Z jednostką napędową w spalinowej odmianie LC współpracować może tylko klasyczna skrzynia automatyczna, która ma dziesięć przełożeń. Pomimo tego, że nie mamy tutaj do czynienia z przekładnią bezstopniową, na prędkość i trafność zmiany biegów nie można narzekać, bo mechanizm działa płynnie i myli się bardzo rzadko. Zazwyczaj wszystko przebiega sprawnie, reakcja na kickdown jest szybka i odpowiednia, a biegi zmieniane są niezauważalnie. Dla fanów sekwencyjnej zmiany łopatkami problematyczna może być jedynie ilość przełożeń – komputer wachlowanie dziesięcioma biegami ogarnia dobrze, człowiek ma już z tym większe problemy.
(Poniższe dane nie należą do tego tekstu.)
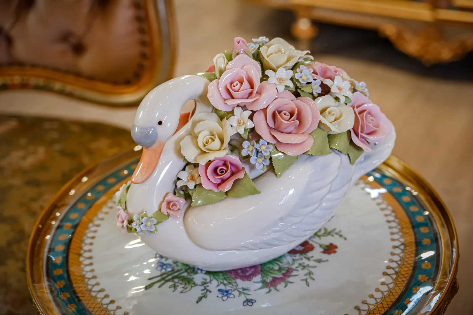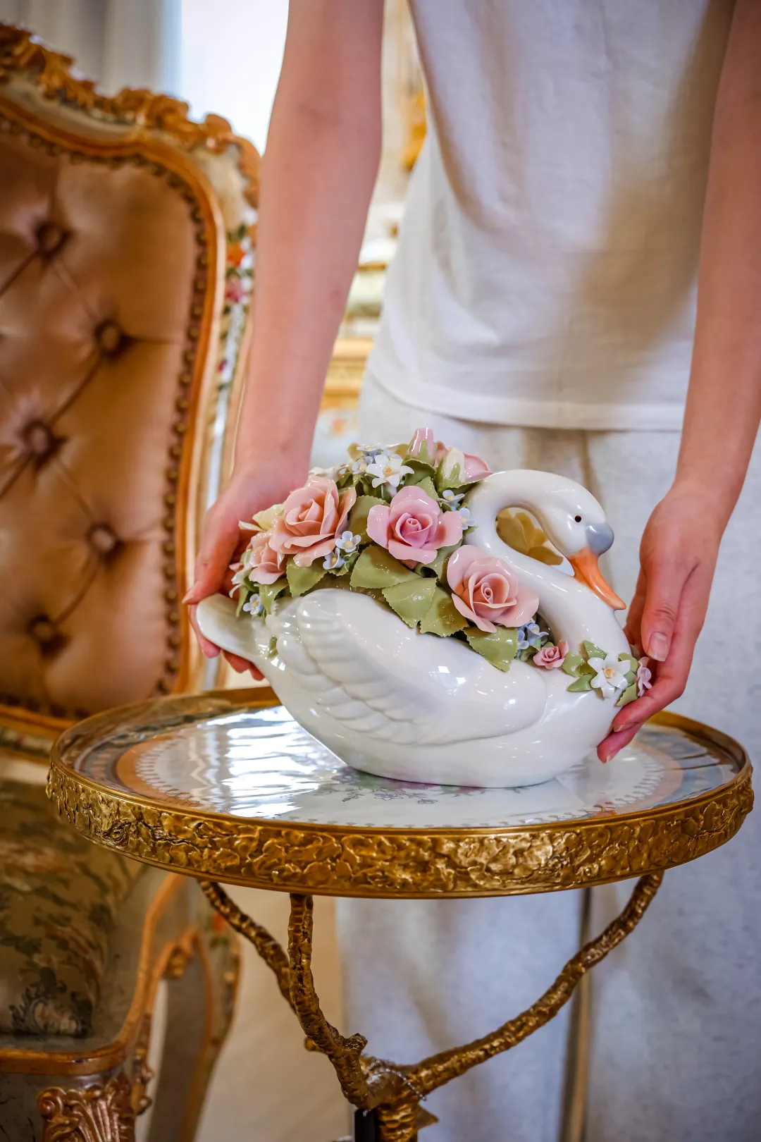 这款高温瓷手工瓷花复古天鹅摆件,浓郁的欧式复古风格,每一朵瓷花都是手工捏制,各不相同且十分雅致。瓷釉光滑润泽,细腻精美,造型更是逼真灵动,带来华丽的优雅气质。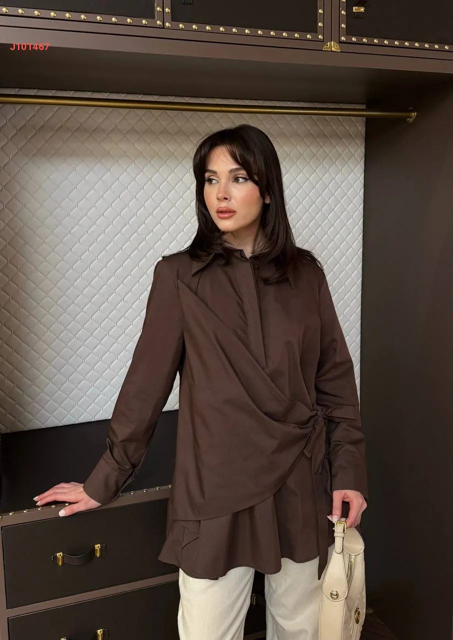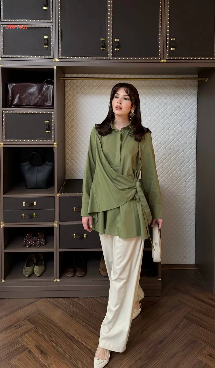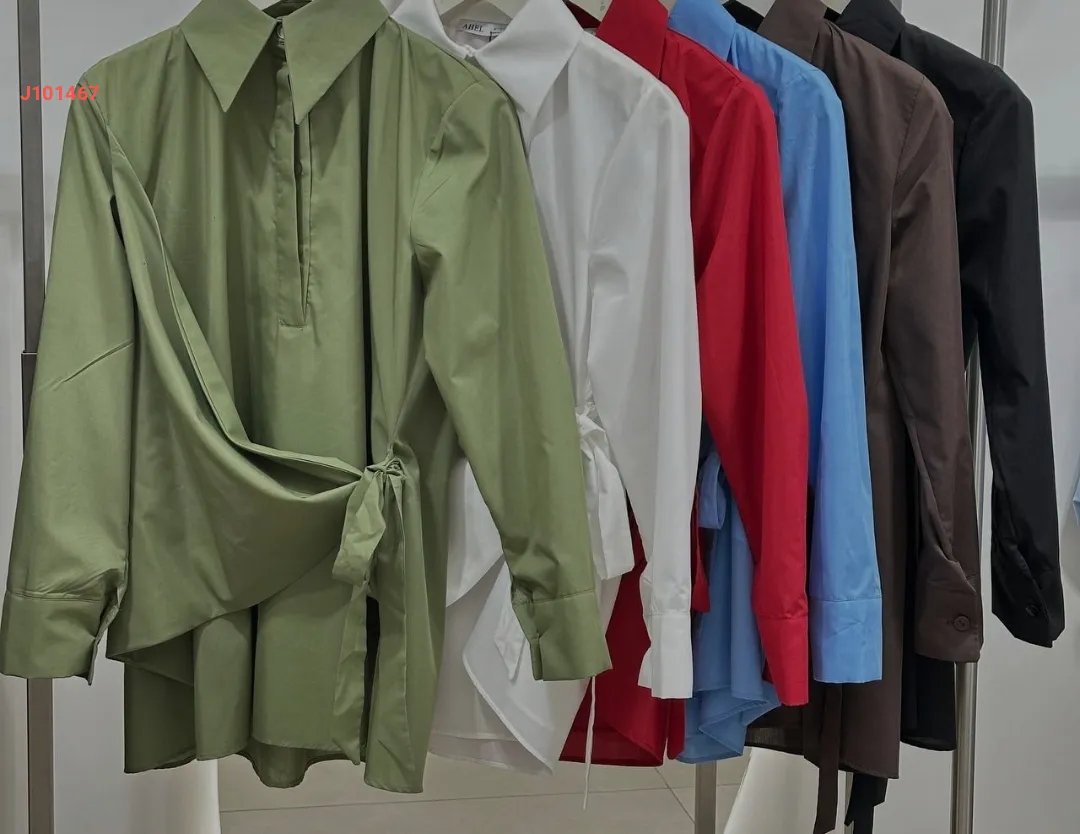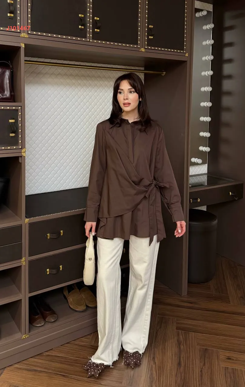 قميص سادة بأزرار مخفية، مع ربطة خصر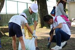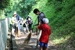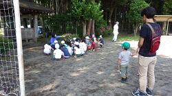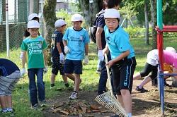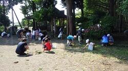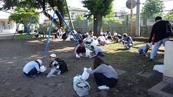 全校児童で夏休み前の校庭の除草作業を行いました。厳しい暑さが予想されましたので,朝の涼しい時間に縦割り班で行いました。
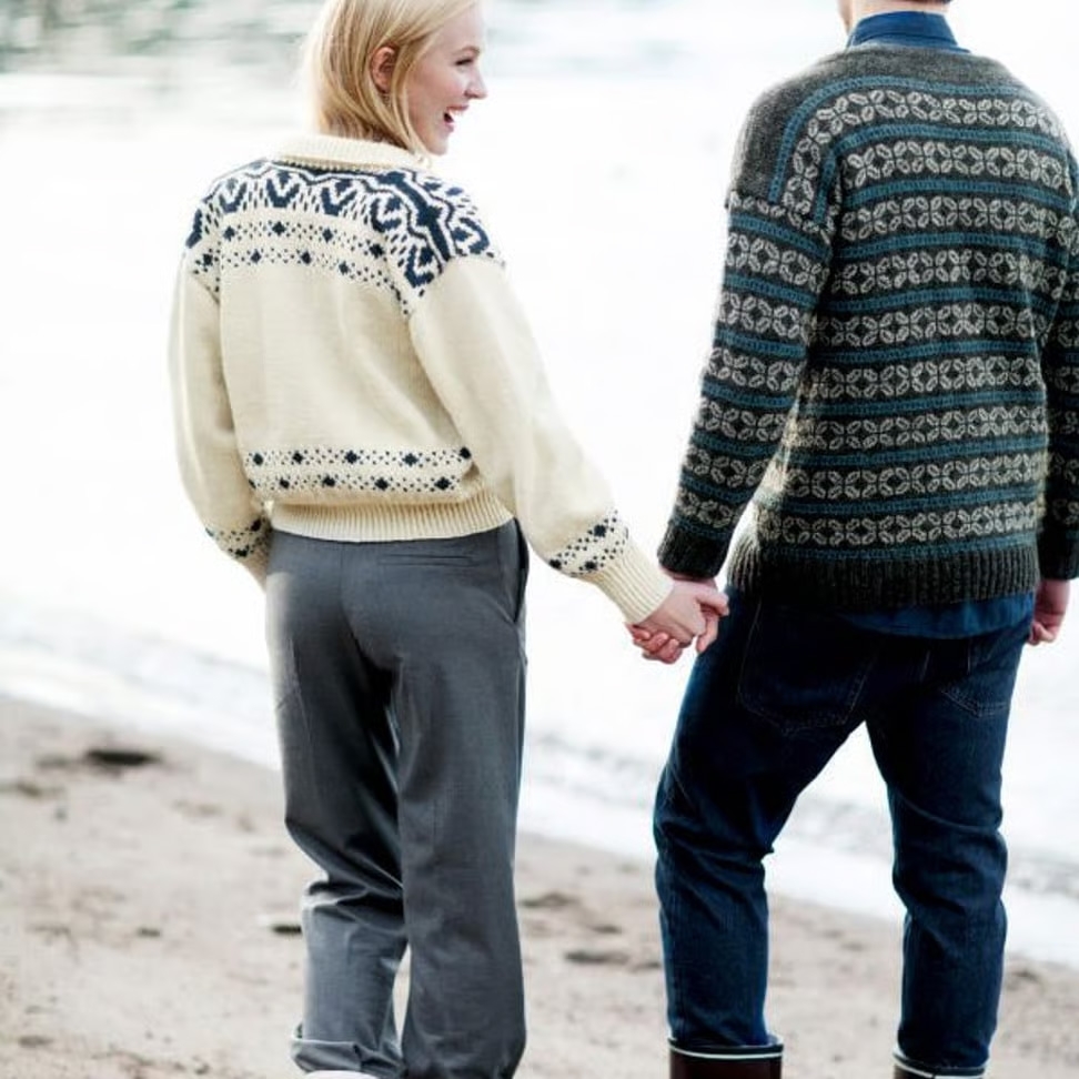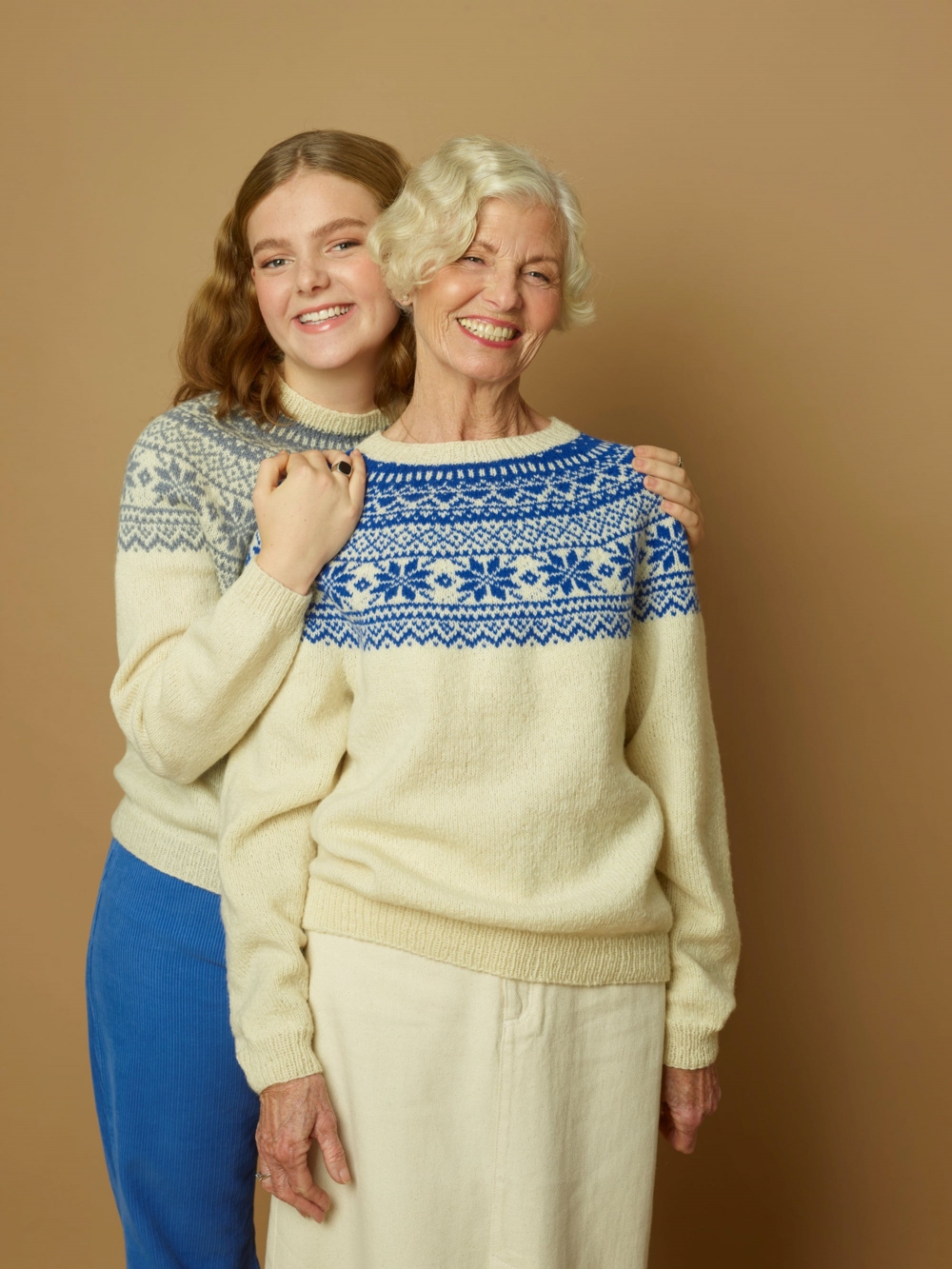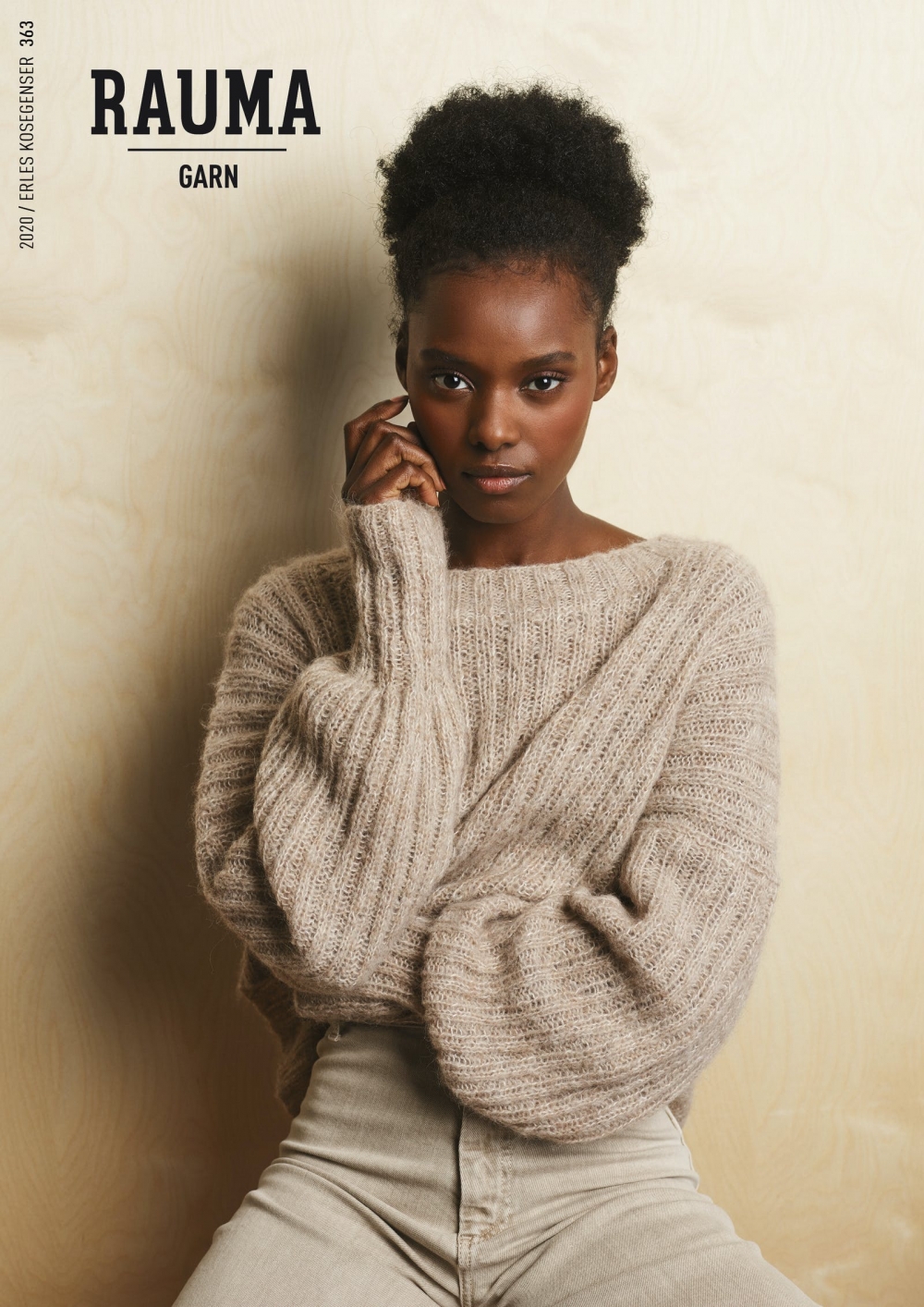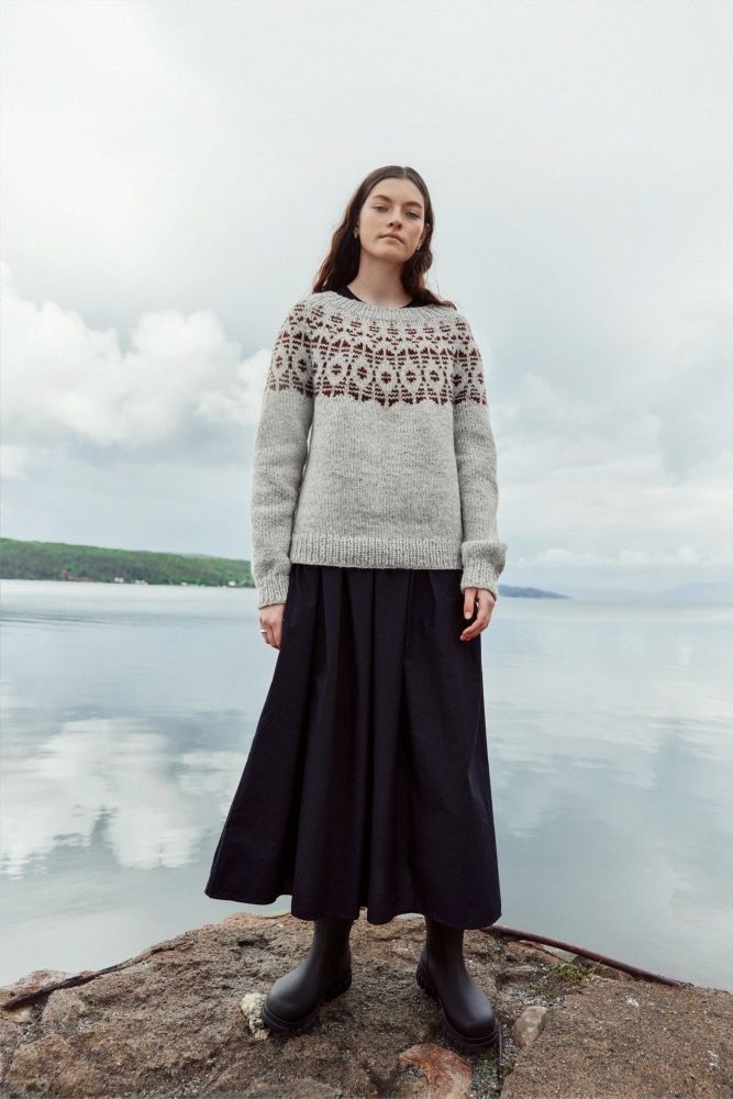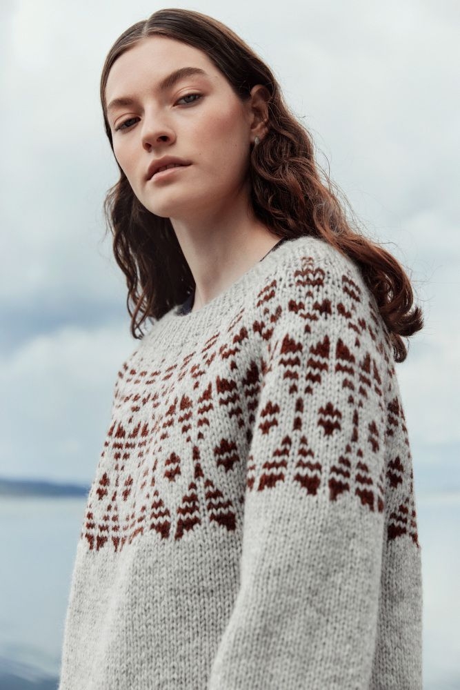 Strikkepakke med garn og oppskrift fra Rauma Garn. Fjære genser er mønstret i to farger. Den har en avslappet passform med raglan, rund hals og ribbestrikkede kanter. Genseren strikkes ovenfra og ned.

Tak potężna pojemność i moc musi oznaczać spore spalanie – w mieście podczas normalnej jazdy trzeba liczyć się z wynikiem na poziomie 15 litrów, a podczas ostrzejszego operowania pedałem gazu, ze zbliżaniem się lub nawet przekraczaniem 20 litrów. Poza miastem średnio LC 500 zużywał mi 9-10 litrów, chyba że wyjechałem na drogi szybkiego ruchu – wtedy były to okolice 10-12 litrów.
Wersja SuperTurismo w Lexusie LC 500 oznacza obecność na pokładzie tylnego dyferencjału LSD, systemu czterech kół skrętnych, a także wysuwanego przy wyższych prędkościach spoilera. Najbardziej te elementy docenić można pewnie na torze – ja nie miałem okazji się tam udać, za to pojechałem w polskie góry. Na krętych drogach testowany Lexus radził sobie bardzo dobrze – jego układ kierowniczy jest precyzyjny, kierownica stawia nie jakiś ogromny, ale wystarczający opór, co pozwala dobrze wyczuć samochód na drodze.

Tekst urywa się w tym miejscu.